**The data:**
####
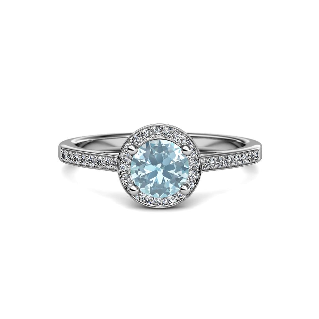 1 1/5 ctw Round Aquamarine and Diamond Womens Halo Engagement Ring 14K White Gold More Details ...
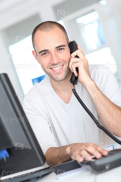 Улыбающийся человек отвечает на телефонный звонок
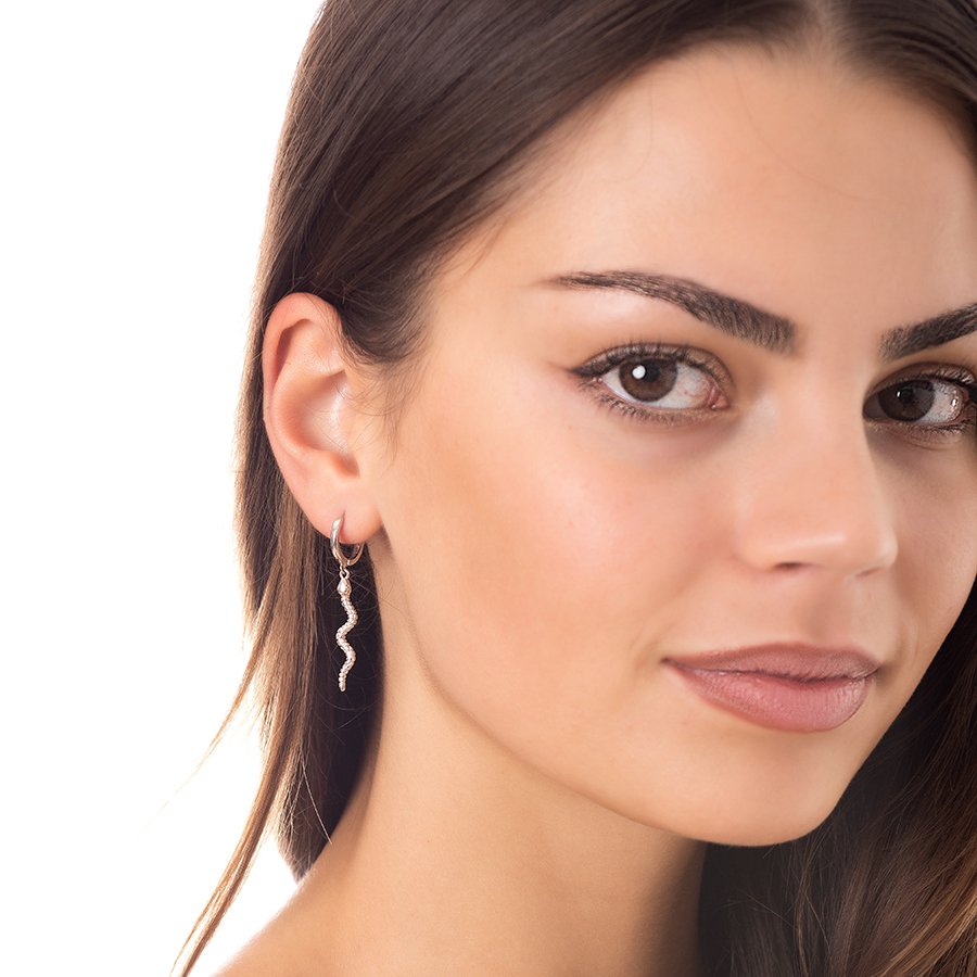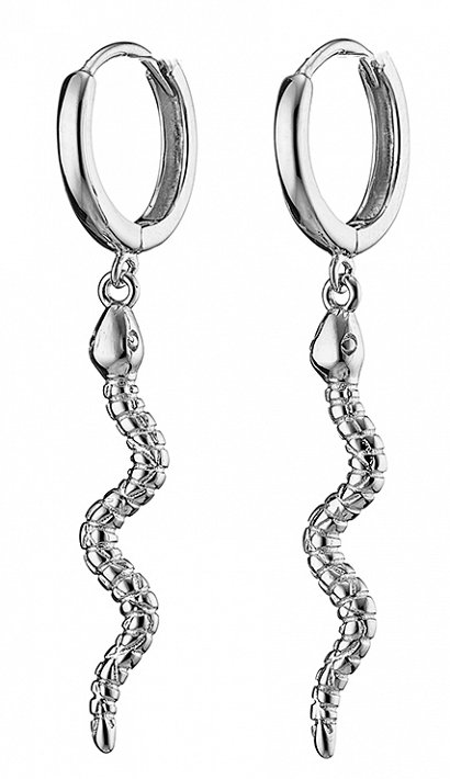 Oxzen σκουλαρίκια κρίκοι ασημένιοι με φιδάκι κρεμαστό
####
Aside from the pictures, repeat the listing exactly.

 1 1/5 ctw Round Aquamarine and Diamond Womens Halo Engagement Ring 14K White Gold More Details ...
 Улыбающийся человек отвечает на телефонный звонок
 Oxzen σκουλαρίκια κρίκοι ασημένιοι με φιδάκι κρεμαστό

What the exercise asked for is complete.